У них барашковые прически, диванный изгиб спины,
но, если желаете, в них заряд, убивший шесть человек,
если желаете вы, а им не открыть заснеженных век.
Ведь львы все добрее, львы все тише. Кому такие нужны?
И я добрею в потоке речи, смотрю из окна на двор.
И каждое слово вбивает глубже якорь молчанья в паркет.
А что за своих не вступаюсь — просто не слышу ваш разговор,
ведь очень громко над головою хлопают паруса.
* * *
Не читаю сто книг ни о Риме, ни о Китае,
и, собственно, все равно: чаю, кофию, Мандельштама.
А зеленая кровь лопочет в лиственной стае,
и уходит день, и троллейбус уходит прямо.
Как мы дни составляли из стеклышек: синий — к сини,
чайный — к розе, хрустальный — к радужке. Строго в теме.
И читали сто книг, собирая в них буквы имени,
замедляли шаг, пили чай, торопили время.
Все, как грайки в гнездо, тянули в огонь узора.
Уберечь не смогла — зола, свято место пусто.
А на розовом небе опять проступают горы,
и как будто птицы щебечут тысячеусто.
Колыбельная для Саши
…И лишь того не избежать мне:
Всю жизнь крапивные объятья
Плету, плету, не отрываясь,
Но доплести не успеваю…
Александра Мочалова
Молчи до окончанья работы,
Строчи вязанье, ну что ты, что ты,
В печи выгорают замки и гроты,
К любым воротам ключи.
Твой сон всей жизни взят за основу,
Но все растреплет грубое слово,
Одна ты знаешь, какой обновой
Твой лебедь будет спасен.
А нить бежит, бежит непрерывно,
Бранить все будут за дом крапивный,
За сныть, за вереск: себя, мол, дивной
Дивой негоже мнить.
И все же не отступай от работы,
Не ложь молчанье, ну что ты, что ты,
Но кто ж тебя окружит заботой,
Когда ты всех нас спасешь?
* * *
«Кто заслышит их <душ некрещеных> грустный, умоляющий голос,
тот должен сказать: «крещаю тебя, Иван да Марья, во имя Отца и Сына и
Святого духа» После этих слов они возносятся на небо, как бы восприняв крещение»

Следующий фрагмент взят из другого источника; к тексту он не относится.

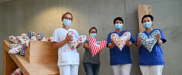 Die herzförmigen Kissen werden neben den an Brustkrebs erkrankten Patienten auch an schwerkranke Menschen in der Palliativstation verschenkt. „Die Momente, in denen wir den kranken Patienten das Herzkissen übergeben, sind unvergesslich“, erzählt Beate Metzler, Fachfrau für komplementäre Pflege im Onkologischen Zentrum am EK. Die Freude über den kleinen Seelentröster mit der persönlichen Nachricht sei jedes Mal sehr groß und für viele Patienten werden die weichen Herzen zu täglichen Begleitern.
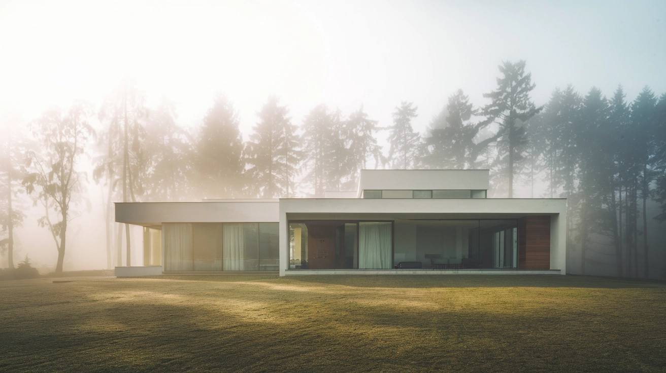 A modern, minimalist house with clean lines sits alone on a grassy expanse, surrounded by a misty forest of tall trees. The building's exterior is predominantly white with large glass windows and wooden accents, giving it a contemporary feel. Soft, diffused sunlight filters through the mist, creating a serene, tranquil atmosphere. The perspective is straight on, showcasing the symmetry of the house against the backdrop of the ethereal, fog-laden forest. The overall mood is calm and contemplative, with a mix of warmth from the sun and coolness from the mist.
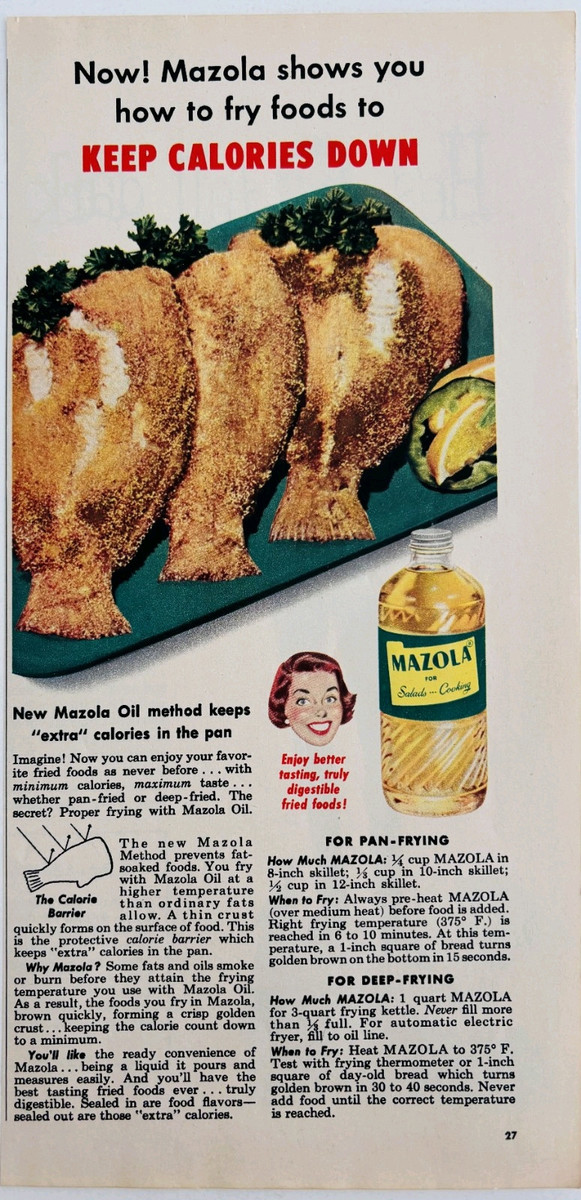 1954 Mazola Corn Frying Pan Oil Advertisement Cooking Baking Dressing DWQQ9
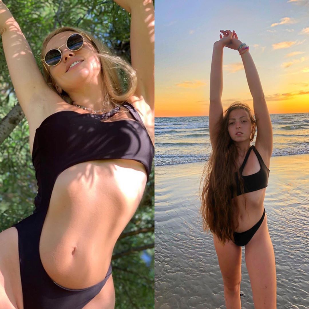На фотоколлаже певица и ее дочка позируют в сплошном черном купальнике ассиметричного кроя. В комментарии к фотографии Маша рассказала, что сейчас находится в Америке и очень скучает по маме.
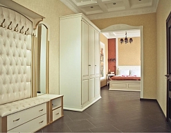 вешалка, диван, зеркало, кровать двуспальная, прикроватные тумбочки, стол, стул, шкаф
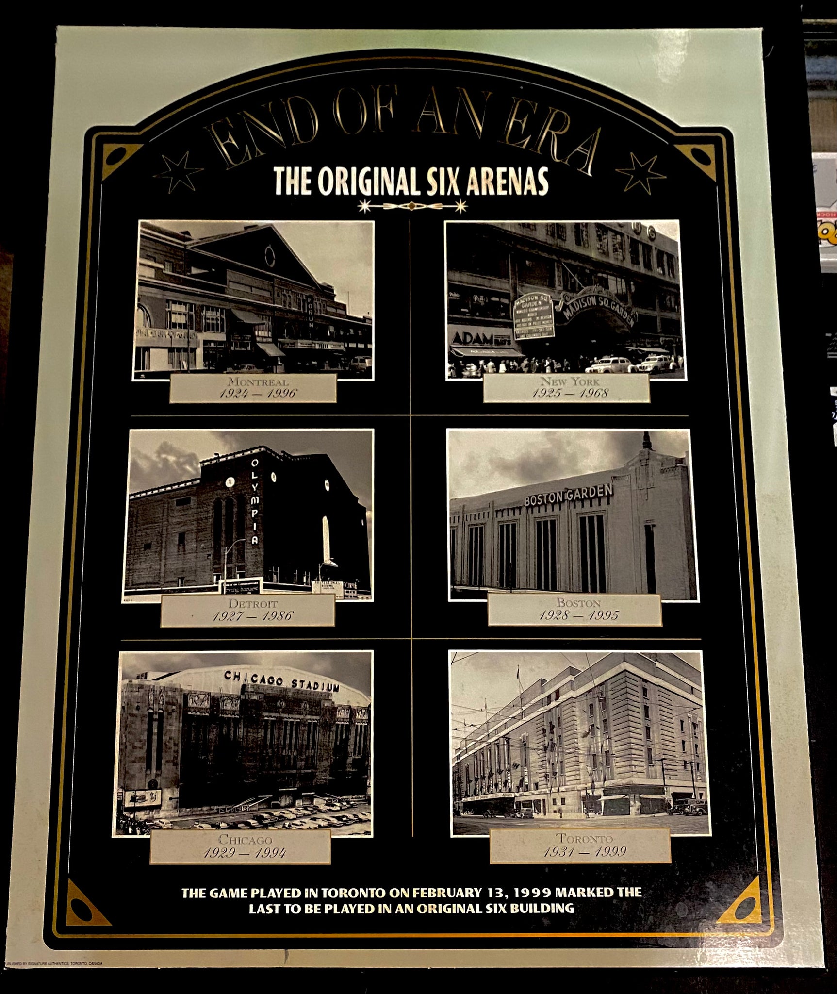 - Plaque remembering the original, original six teams’ arenas including The Forum, The Maple Leaf Gardens, Boston Garden, Chicago Stadium, and The Original Madison Square Gardens

(А. Н. Афанасьев «Поэтические воззрения славян на природу»)
«…некрещеные дети жаждут креста и имени»
(Д. К. Зеленин «Очерки русской мифологии: умершие неестественной смертью»)
Шары качаются без всякой опоры
На ненадежном железном тросе,
А поезд скорый сменяется скоро
Следующим и людей уносит.
И каждый скорый перед собою
Движет в туннеле массы воздушны,
И оттого шары в разнобое,
Шары-плафоны, ветрам послушны.
А он все вьется над левым веком
И говорит: «Назови по имени.
Если бы я стал человеком,
Мы были бы одного роду-племени,
Если бы я стал человеком,
А не крутился в воздушном пламени,
Если бы я стал человеком,
Вырос бы в полный рост из семени.
Или, — говорит, — приведи сюда мою маму,v Прекрасную маму,
Как мы ходили с ней по улице, где дома,
Похожи на книги с мертвыми текстами, где дома
Похожи на фантик от Нового года, пустой и броский,
А потом спускались в метро на эту станцию, на эту полоску
Гранита. Боялись головокружения, качающихся плафонов
И последней скорой, последней больницы…
Ты ведь тоже живешь свою жизнь за двух нерожденных.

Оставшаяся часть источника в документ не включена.